Ministry Official Rejects NGO Report on City’s Slums

A government official rejected calls from a pair of NGOs on Tuesday to do more for Phnom Penh’s slums amid what they described as an opaque land-titling system that has routinely failed poor communities.

In a joint report, “The Exclusion of Urban Poor Communities From Systematic Land Registration in Phnom Penh,” World Vision and the NGO Forum seek to shed light on a titling system that has left many of the city’s slums behind.

Women sit next to the tracks of an abandoned railway line that runs through a slum in Phnom Penh's Russei Keo district on Tuesday. (Siv Channa/The Cambodia Daily)
Women sit next to the tracks of an abandoned railway line that runs through a slum in Phnom Penh’s Russei Keo district on Tuesday. (Siv Channa/The Cambodia Daily)

The municipal government last year said there were 503 slum communities within city limits, which are home to more than 24,000 families, or about 140,000 people out of a total population of roughly 2 million. For their report, the NGOs interviewed about 60 families in 12 slums that the government has not put through the land-registration process.

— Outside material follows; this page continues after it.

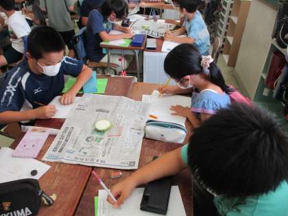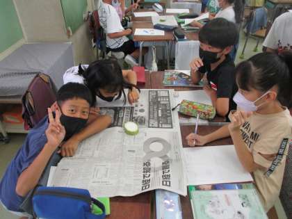 4年生の理科でヘチマの観察をしました。写真を見ていただければわかりますが、まだまだ「みずみずしいヘチマ」です。今日はノートに観察しました。これから水分が抜けていくとどのようになるのか?子どもたちは予想を立てていました。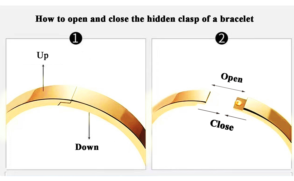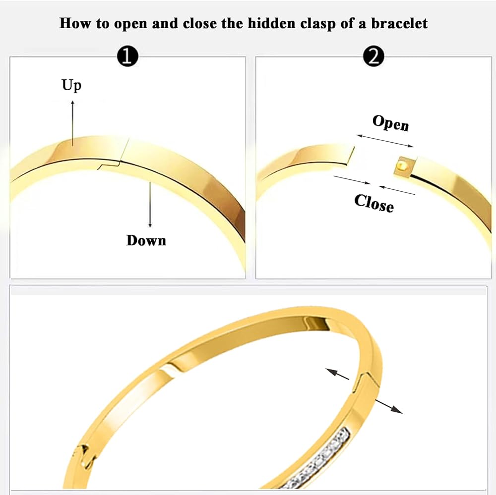 سهلة الاستخدام: السوار الذهبي ذو المشبك المخفي بسيط وأنيق، مما يجعل من السهل جدًا على البالغين أو المراهقين ارتداؤه أو خلعه. للحصول على فهم أفضل، يرجى مراجعة الفيديو الخاص بنا بعناية.

According to the report, 10 of the 12 communities were officially informed that they would not be registered, but only half were given a reason. Even when they were offered an explanation, it was usually that the area was “too complex” or had “unclear status,” the report adds, neither of which has a legal definition in Cambodia.

“The use of such justification to arbitrarily exclude families with claims of possession…presents a significant loophole that may permit land grabbing by powerful parties at the expense of urban poor communities,” it says.

A prime example is Phnom Penh’s Boeng Kak neighborhood, whose residents were denied a chance at titles after City Hall leased the site in 2007 to CPP Senator Lao Meng Khin and later forced some 3,000 families out of their homes.

World Vision and the NGO Forum said the 12 slums they surveyed for the report were not facing eviction. But they said most families were still struggling to feed themselves and that the lack of land titles was keeping them from taking out low-interest bank loans that could help pull them out of poverty.

Of the dozen slums, they said, 11 were probably denied a chance at titles because they sat on state public land, which by law cannot be titled.

But NGO Forum director Tek Vannara said the government should still take responsibility for those families because it let them put down roots without letting them know that they legally could not.

“We ask the government to improve the sites and reconsider [titles] for them even though they are living illegally,” he said by telephone after the report’s launch.

The NGOs want to see the government go back to the communities left out of the registration process and offer a chance at titles to families with legitimate claims or that were denied a chance in the first place because of public infrastructure projects that encroached on their land.

At the report’s launch, however, Soun Sopha, the Land Management Ministry’s land administration director, denied that the government had treated any of the communities unfairly.

“The ministry cannot accept this report,” Mr. Sopha said. “We cannot accept it because…the communities are living on public land that cannot be registered.”

“There is no discrimination,” he added. “If you are rich or poor, short or tall, you will be registered if you comply with the land law.”